» **HOW TO COMPLETE THIS TASK**:
Use the entries below and reproduce exactly the lines from the one containing "Cumhuriyet Gazetesi - 28" down to the one containing "To change or", both of them included.

» **THE INPUT**:
---*---
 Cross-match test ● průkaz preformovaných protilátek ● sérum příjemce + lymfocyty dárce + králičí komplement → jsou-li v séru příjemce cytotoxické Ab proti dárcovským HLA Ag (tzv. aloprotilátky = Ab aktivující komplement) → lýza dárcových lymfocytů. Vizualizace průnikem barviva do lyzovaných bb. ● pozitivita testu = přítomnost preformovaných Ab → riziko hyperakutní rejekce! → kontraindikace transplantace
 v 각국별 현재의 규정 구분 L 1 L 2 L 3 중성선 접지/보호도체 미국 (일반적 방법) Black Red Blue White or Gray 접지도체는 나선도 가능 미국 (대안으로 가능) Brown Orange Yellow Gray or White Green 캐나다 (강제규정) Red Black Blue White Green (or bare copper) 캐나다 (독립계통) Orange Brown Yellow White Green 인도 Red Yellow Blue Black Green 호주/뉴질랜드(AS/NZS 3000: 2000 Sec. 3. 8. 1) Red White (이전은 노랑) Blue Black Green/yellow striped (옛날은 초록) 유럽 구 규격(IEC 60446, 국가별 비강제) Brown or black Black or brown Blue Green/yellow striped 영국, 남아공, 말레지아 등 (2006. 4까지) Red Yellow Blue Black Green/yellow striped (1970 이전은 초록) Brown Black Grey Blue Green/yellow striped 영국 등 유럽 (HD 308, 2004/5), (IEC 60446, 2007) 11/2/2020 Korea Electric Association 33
---*---
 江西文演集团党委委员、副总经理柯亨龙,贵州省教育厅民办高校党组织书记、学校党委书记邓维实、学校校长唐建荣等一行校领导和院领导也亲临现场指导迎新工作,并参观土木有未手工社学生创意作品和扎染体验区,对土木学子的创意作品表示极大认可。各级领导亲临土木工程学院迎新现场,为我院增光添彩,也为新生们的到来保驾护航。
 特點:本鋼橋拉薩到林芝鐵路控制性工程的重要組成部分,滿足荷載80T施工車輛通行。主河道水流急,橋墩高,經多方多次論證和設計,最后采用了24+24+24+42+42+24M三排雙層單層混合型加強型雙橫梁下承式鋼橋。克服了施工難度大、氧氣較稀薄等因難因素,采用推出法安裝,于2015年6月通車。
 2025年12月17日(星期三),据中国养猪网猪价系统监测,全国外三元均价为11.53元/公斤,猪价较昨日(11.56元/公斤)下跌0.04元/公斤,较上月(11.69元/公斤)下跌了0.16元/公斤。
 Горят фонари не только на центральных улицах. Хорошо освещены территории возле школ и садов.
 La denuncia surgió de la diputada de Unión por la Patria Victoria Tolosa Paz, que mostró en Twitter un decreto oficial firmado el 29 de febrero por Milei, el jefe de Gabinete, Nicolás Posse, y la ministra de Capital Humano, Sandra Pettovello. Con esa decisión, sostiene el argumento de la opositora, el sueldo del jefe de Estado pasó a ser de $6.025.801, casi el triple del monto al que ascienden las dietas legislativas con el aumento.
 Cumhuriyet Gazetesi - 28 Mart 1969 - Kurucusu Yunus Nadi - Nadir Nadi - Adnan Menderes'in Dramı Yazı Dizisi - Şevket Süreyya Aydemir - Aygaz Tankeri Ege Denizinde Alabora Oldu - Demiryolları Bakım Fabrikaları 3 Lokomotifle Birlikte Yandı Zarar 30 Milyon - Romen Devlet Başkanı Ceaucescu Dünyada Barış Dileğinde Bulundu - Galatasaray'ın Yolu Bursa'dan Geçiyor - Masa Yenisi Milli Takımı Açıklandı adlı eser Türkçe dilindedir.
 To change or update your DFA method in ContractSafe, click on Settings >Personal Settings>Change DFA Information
---*---
» **EXPECTED OUTPUT**:
 Cumhuriyet Gazetesi - 28 Mart 1969 - Kurucusu Yunus Nadi - Nadir Nadi - Adnan Menderes'in Dramı Yazı Dizisi - Şevket Süreyya Aydemir - Aygaz Tankeri Ege Denizinde Alabora Oldu - Demiryolları Bakım Fabrikaları 3 Lokomotifle Birlikte Yandı Zarar 30 Milyon - Romen Devlet Başkanı Ceaucescu Dünyada Barış Dileğinde Bulundu - Galatasaray'ın Yolu Bursa'dan Geçiyor - Masa Yenisi Milli Takımı Açıklandı adlı eser Türkçe dilindedir.
 To change or update your DFA method in ContractSafe, click on Settings >Personal Settings>Change DFA Information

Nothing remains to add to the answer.